Rule of thumb: if the run takes less time than writing the spec, skip the spec. If the run is autonomous, hard to restart, or touches files you cannot easily review, write it.
Common Anti-Patterns
- "Works correctly" as an acceptance criterion. Unverifiable, so effectively absent. Fix: name a command or behavior that proves it works.
- Implicit out-of-scope. You know what the agent should not touch; the spec does not. Fix: write the list. It is usually three lines.
- Spec that is actually an implementation. Step-by-step instructions remove the agent's room to think and remove your review surface. Fix: describe the outcome and constraints; let the plan decide the approach.
- Constraints as preferences. "Try to avoid new dependencies" is a wish. Fix: "Do not add new dependencies."
- No context links. The agent re-discovers the codebase every run. Fix: list the three to five files it must read first.
- Editing the spec mid-run. The agent has already planned against the old one; changes create drift. Fix: stop the run, edit, restart.
FAQ
Is spec-driven AI coding the same as formal spec-driven development?
No. Formal methods — TLA+, model checkers — prove properties mathematically. Spec-driven AI coding borrows the word but not the rigor. The spec here is closer to a tightened PR description: enough structure to be reviewable, not a formal proof.
Where should I put the spec — inline, in a file, or in the issue tracker?
Depends on reuse. One-off task, inline is fine. Team task or something you will review, the issue tracker or a dedicated doc travels better. Repo-wide conventions belong in CLAUDE.md or the equivalent, not in every prompt.

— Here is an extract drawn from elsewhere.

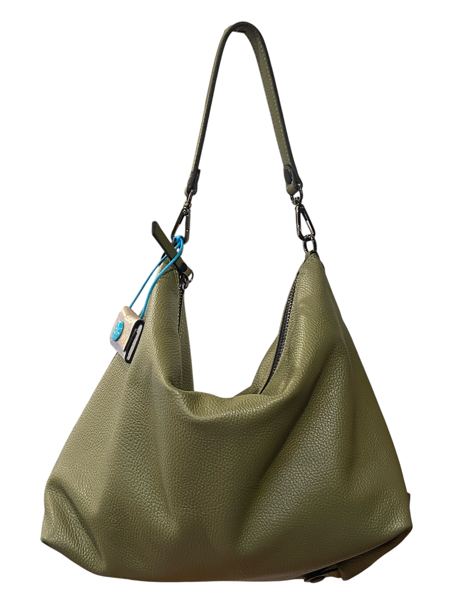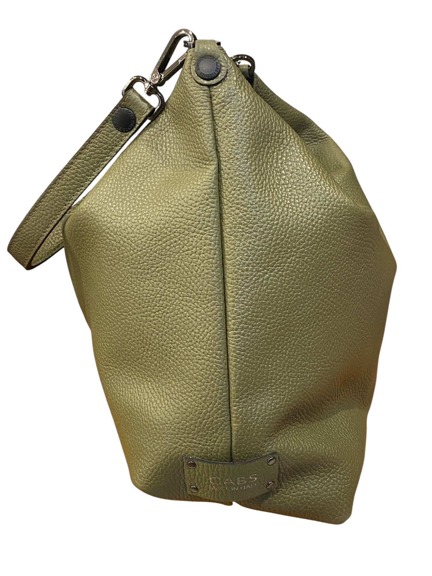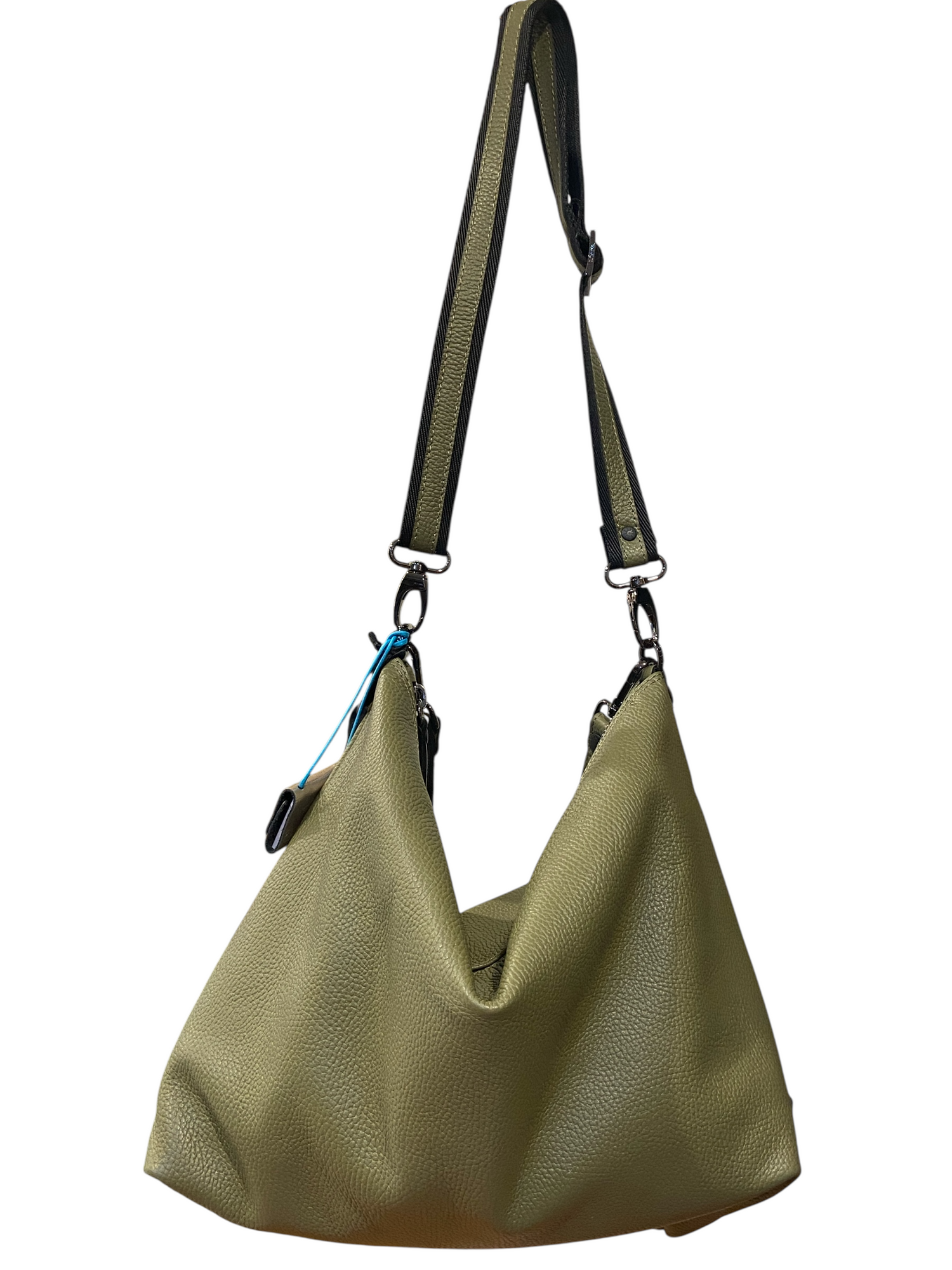 Borsa a sacca realizzata in morbidissima pelle di vitello. Trasformabile e riducibile nelle dimensioni grazie alle clips sulla base. L'articolo e' anche dotato di tracolla lunga a nastro (regolabile).

How do I write acceptance criteria when the task is exploratory?
You usually cannot, and that is a signal to use a different shape. Use the conversational mode until the shape is clear, then write the spec for the implementation pass. Forcing criteria onto an open question produces either trivial criteria or wrong ones.
Does spec-driven work for teams, or just solo developers?
It works better for teams, because the spec is a shared artifact. Two developers prompting with their own framing get divergent implementations; two developers reviewing the same spec before the run catch divergence before it ships. See the GitHub Copilot Workspace guide for a tool that builds this review surface in.
What happens to the spec after the code ships?
Link it from the PR so the reviewer sees the original intent. If the spec encodes a lasting rule — a convention, a constraint, a pattern — promote that rule to the persistent context file so the next task inherits it.